(Records from a data source)
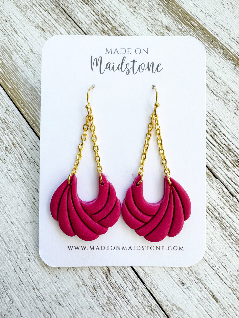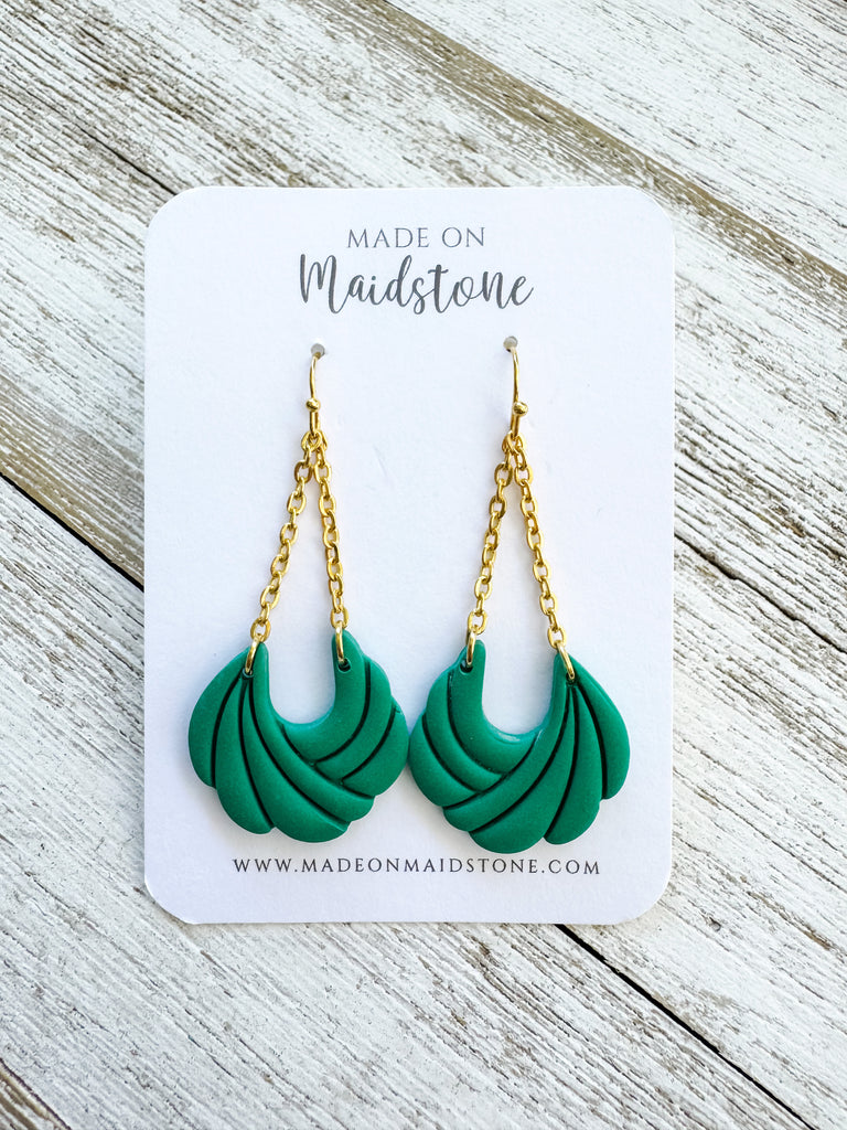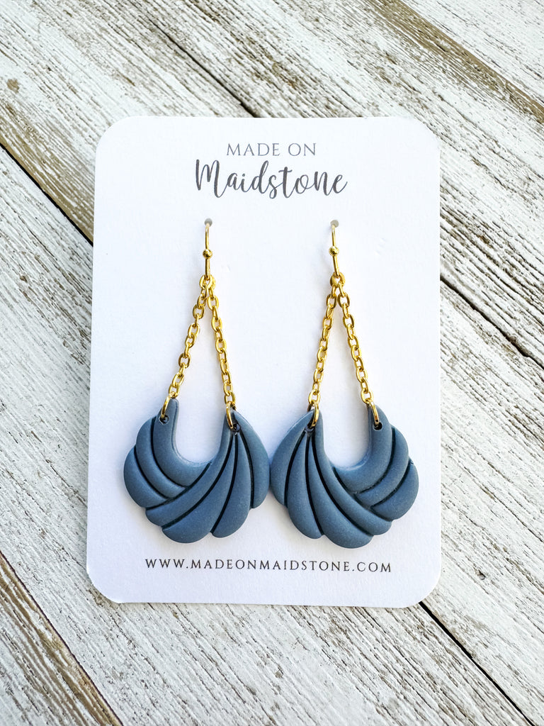 Make a statement with these beautifully handcrafted polymer clay earrings, featuring an elegant sculpted swirl design suspended from delicate gold-tone chains. Each pair is carefully made by hand, giving the earrings their soft, dimensional curves and a smooth matte finish.
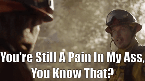 a man in a helmet talks to another man with the words you 're still a pain in my ass
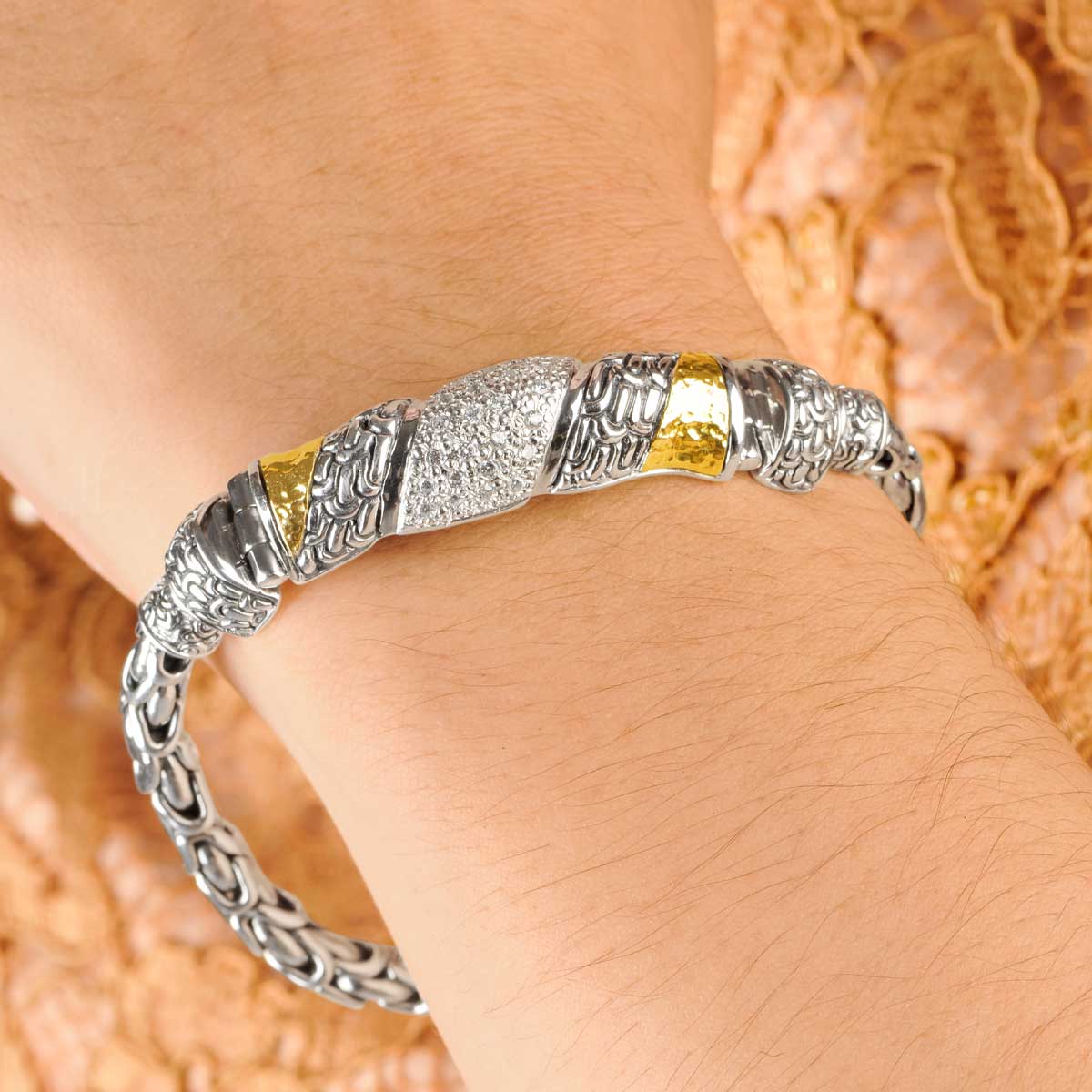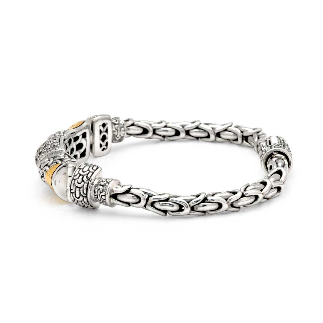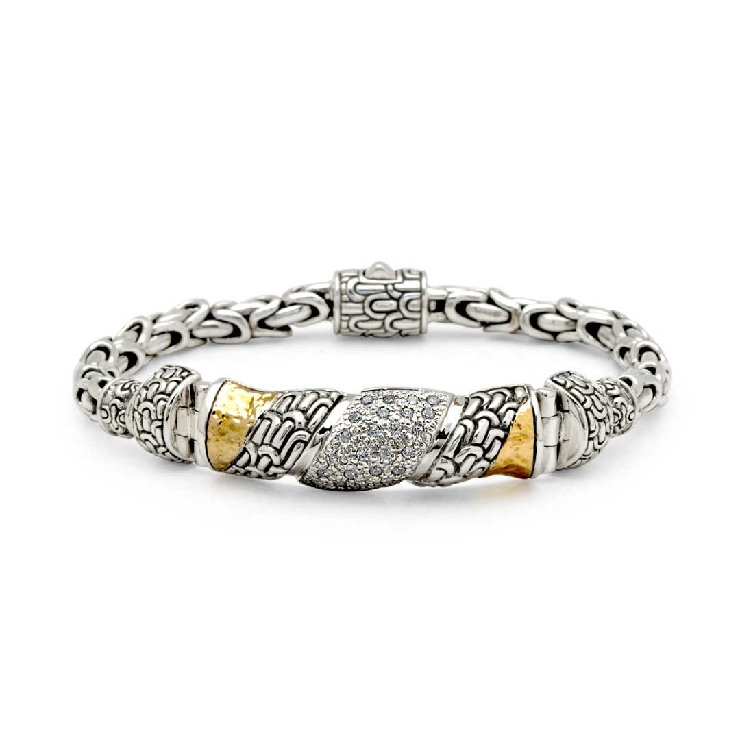 Bracelet en or et argent, chaîne Sisik Naga, pavé de zirconiums blancs
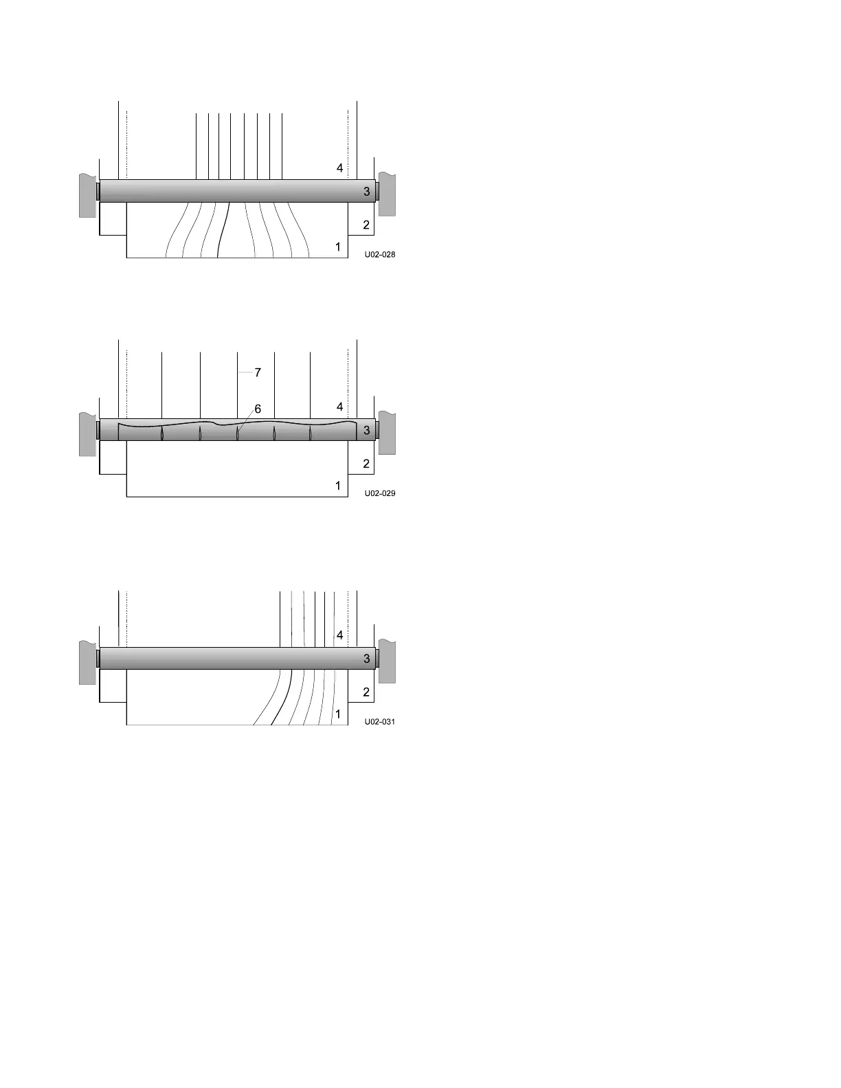 Increase the unwind tension until the wrinkles (6) in the film on the roller disappear. The lines (7)
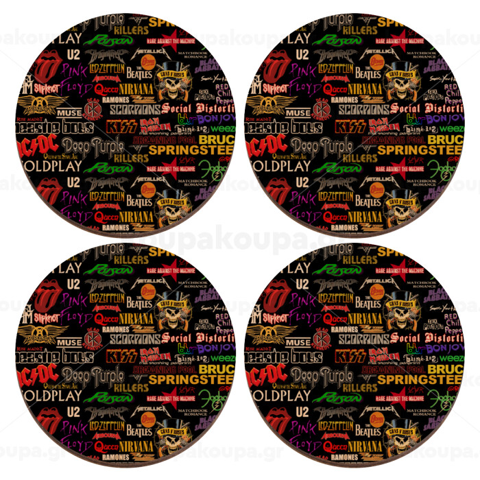 Rock Bands, ΣΕΤ x4 Σουβέρ ξύλινα στρογγυλά plywood (9cm)
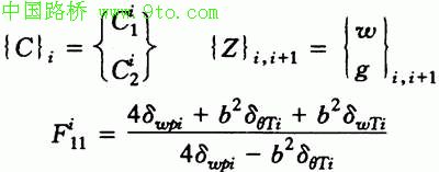 对于图1(a)所示具有n片板梁的桥,设其在沿着由外商载确定的、垂直于桥中轴线的根截面上具有n十1个铰接点,且第 i个饺点的竖向位移和竖直剪力分别为wi和gi,其所构成的列阵{Z}i称为该结点的状态列阵,即

■ Activity
Exclude the pictures. Write out the remaining data exactly.

■ Task answer
 Make a statement with these beautifully handcrafted polymer clay earrings, featuring an elegant sculpted swirl design suspended from delicate gold-tone chains. Each pair is carefully made by hand, giving the earrings their soft, dimensional curves and a smooth matte finish.
 a man in a helmet talks to another man with the words you 're still a pain in my ass
 Bracelet en or et argent, chaîne Sisik Naga, pavé de zirconiums blancs
 Increase the unwind tension until the wrinkles (6) in the film on the roller disappear. The lines (7)
 Rock Bands, ΣΕΤ x4 Σουβέρ ξύλινα στρογγυλά plywood (9cm)
 对于图1(a)所示具有n片板梁的桥,设其在沿着由外商载确定的、垂直于桥中轴线的根截面上具有n十1个铰接点,且第 i个饺点的竖向位移和竖直剪力分别为wi和gi,其所构成的列阵{Z}i称为该结点的状态列阵,即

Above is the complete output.